@MrRocketman, I agree with @harrisonhjones here.
With some more background info about the intended use, we might be able to give some better advice.
I guess you want to rotate the carry flag, set by the compare operation (for clarity I would use cmps, to indicate you are directly interested in the flags, instead) into bit 31 of sendbyte. I don’t know of a “asm-quick” C way to code this off the top of my head.
One thing I’m not sure about is your use of cp in your second example - I guess it’s a typo.
And since you want to write your result back to its original variable, you could try this
Yes, please try it with C first. The clock rate for the core is much faster than an Arduino, so when your loop() is not distracted by cloud/wifi/internet stuff, the straight-line execution speed of the CPU and the efficiency of the GCC-ARM compiler should make hand crafted assembly like this unneeded except for the most extreme cases.
@bko, it’s a pitty that we all have to assume things since we don’t get more info of @MrRocketman
Your assumtion that we are dealing with uint8_t is logical, given the wording sendbyte and that the original code comes from an 8bit library.
I did miss that with my answer. I was focused too much on the asm rrx which only works as expected when it’s dealing with 32bit (I’m not aware of a byte version like rrxb).
So even in asm you’d have to “rebuild” the functionality of an 8bit rrx and so - I’d guess - you’ll end up with no speed gain by using asm whatsoever.
While your code does what @MrRocketman 's pseudo code asks for, interpreting the (not working) asm code I’d come up with this
sendbyte >>= 1; // rrx would always right shift by 1
if (pwmCalue > counter) // if cmp had set the carry flag (counter-pwmval->carry)
sendbyte |= 0x80; // it would need to be "inserted" into bit 7
More details: I tried running with C which was an exclellent suggestion! Turns out the hard fault is due to something else that I have yet to track down. So that’s good news sort of.
So this bit of code comes from the ShiftPWM library. I have heavily modified it for my purposes which is for dimming AC lights. I have a zero cross circuit, and opto isolated triacs connected to a shift register. I have everything working great on my little arduino.
Yes the value I was sending in as sendbyte is a byte. I have a byte array called pwmValues. 1 byte per strand of lights I’m controlling. So I have a timer interrupt running at 120Hz * 255 brightness levels. = 30,000 + times a second. Then I have a counter that counts from 255 down to 0 in this interrupt which I pass in as ‘counter’. So the purpose of the asm is to check each strand of lights pwmValue to see if it’s time to turn on. Store the result in sendbyte, and repeat for the other 7 channels of the shift register. Then start over for the next shift register. So with 32 strings of lights (4 shift registers) this code could be running 1 million times a second.
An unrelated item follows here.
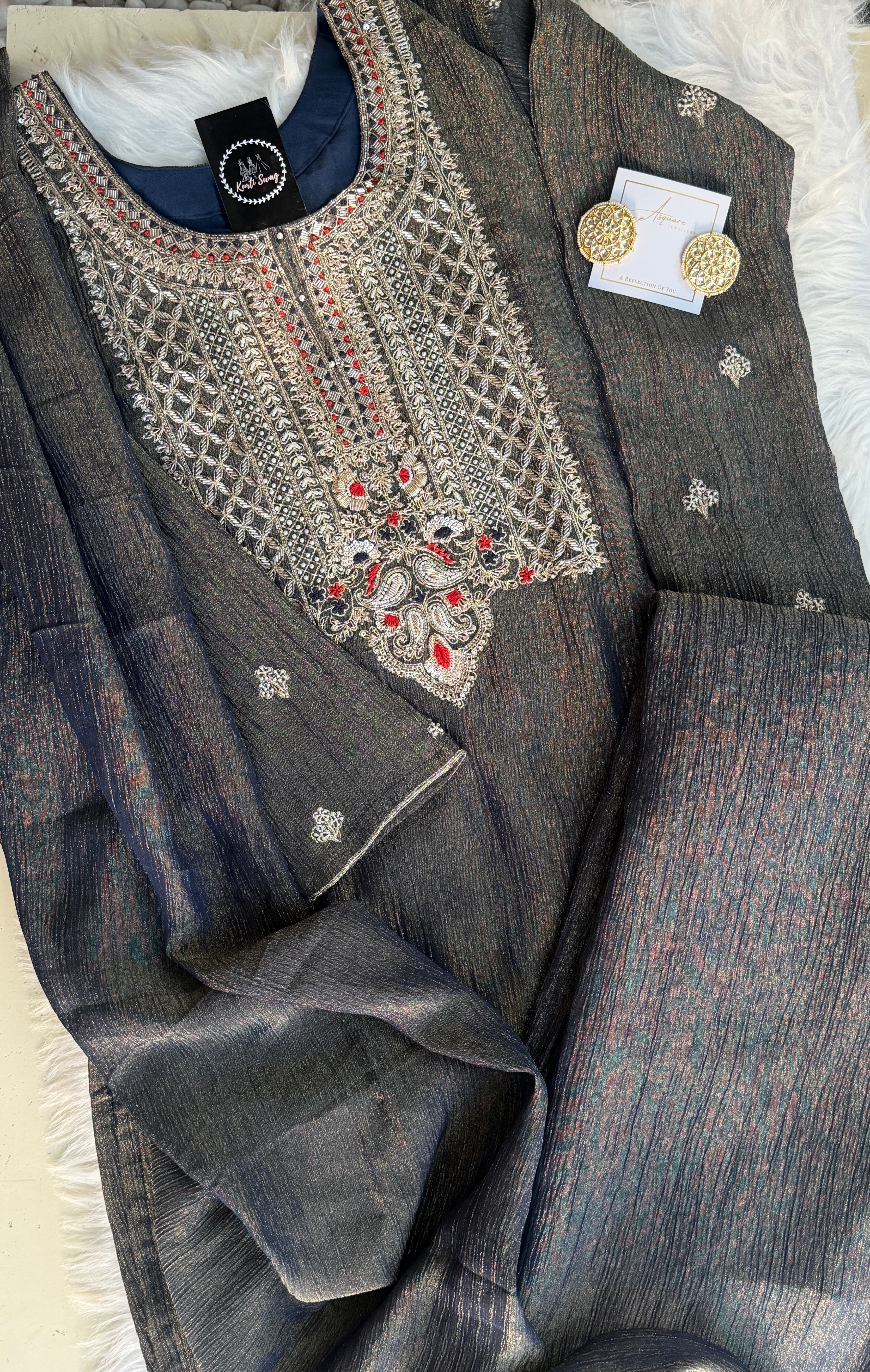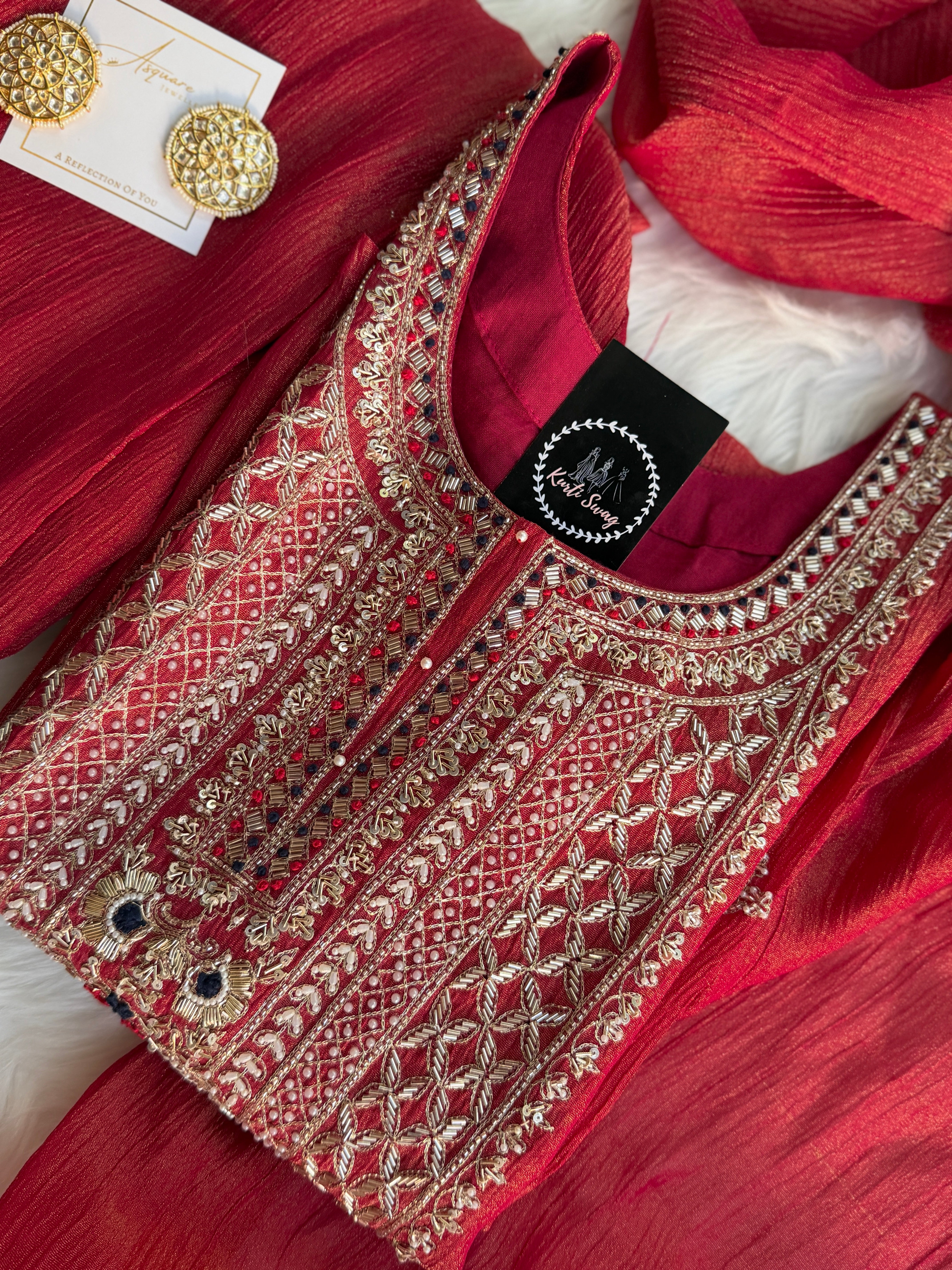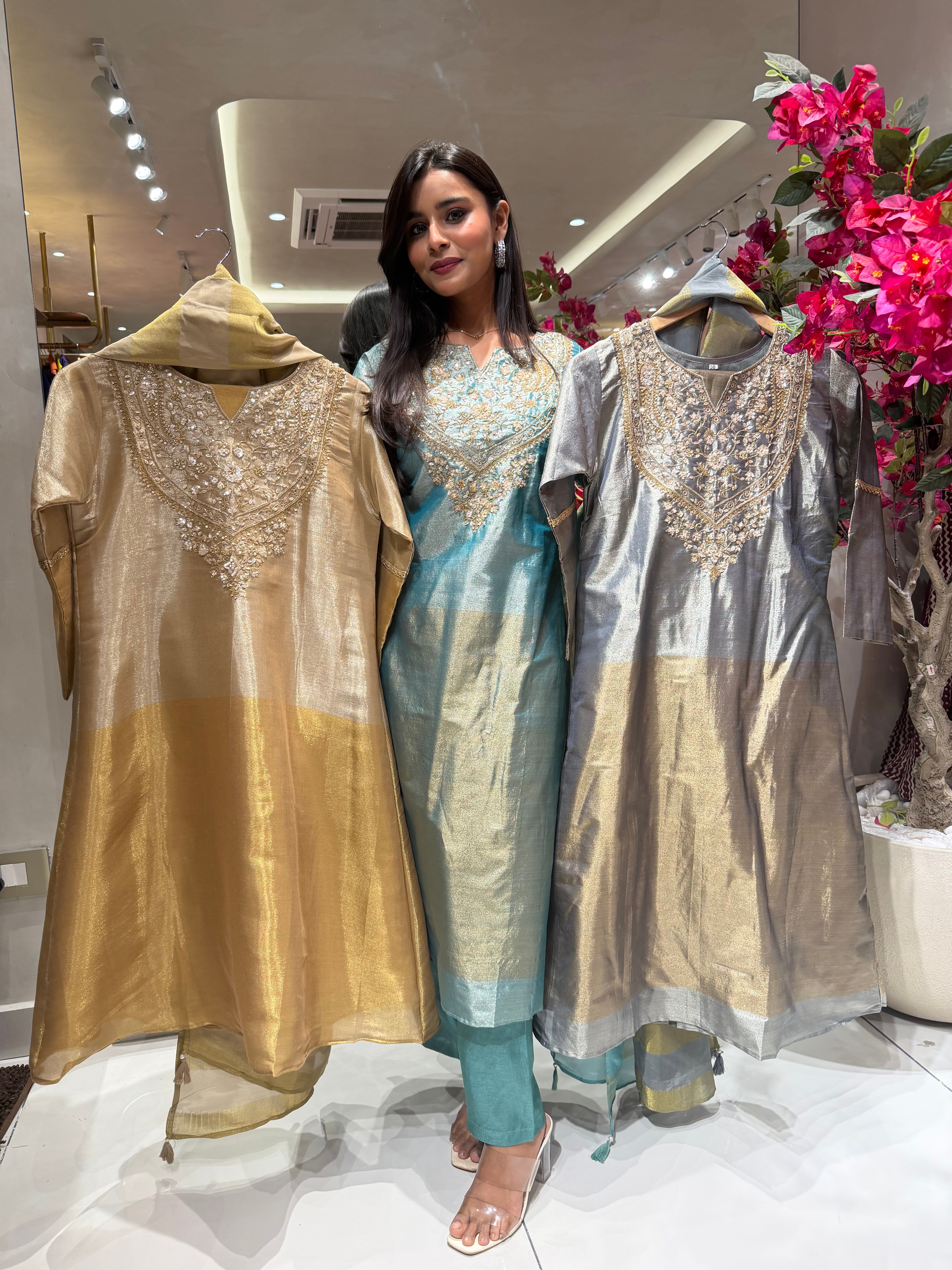 “REHMAT” Premium Crush Tissue Anarkali Set ✨💕

I definitely wasn’t taking into account the 32bit nature of the Spark. That’s got to be the problem I was seeing.
Thank you everyone for your feedback and ideas! I will look into changing things to be 32 bit compatible and report back.
That’s the code I’m trying to replicate in asm. sendbyte is the byte that gets sent over SPI to the shift register. This code gets called 8 times with the same sendbyte variable. But with each different string of light’s ‘pwmValue’. The goal is to build the byte for each shift register as fast as possible.
Not sure what that means! The interrupt runs at 30KHz or so (about 33us per interrupt). You most likely calculate all channels on each pass of the interrupt. In the ISR you service 32 count values, 32 compare/bit set operations, 4 byte values for the shift registers and I assume you write out those bytes to the SPI on each interrupt (so 4 SPI writes). I am also assuming you are clocking the SPI at DIV1 for max speed (36 MHz if I recall).
So I can see why optimizing the compare/bit set operation is important. It might be interesting to use some tight C++ code to see how the compiler optimizes things. Knowing you have 4 bytes of shift registers, you could do all your shift calculations with a 32-bit var and then write out each byte to the SPI
I don’t know what optimization level the web gui compiles to but -O4 optimization out of the compiler, with possible re-swizzling of the C code to make sure the optimizer has a clear shot, should be able to achieve almost max speed.
In test.txt you can see the C code along with its asm representation after build.
Alternative optimizer settings would be -O2,-O3 and -O4 however you like it, but it would be good tp know what WebIDE usually does.
@MrRocketman, one thing you have to know with this community - it never sleeps and these guys are rocket fast, so once you ask your question, don’t be surprised if you got your answer before you pressed Create Topic or Reply
Is there really a -O4 optimization flag? I thought -O3 was the max.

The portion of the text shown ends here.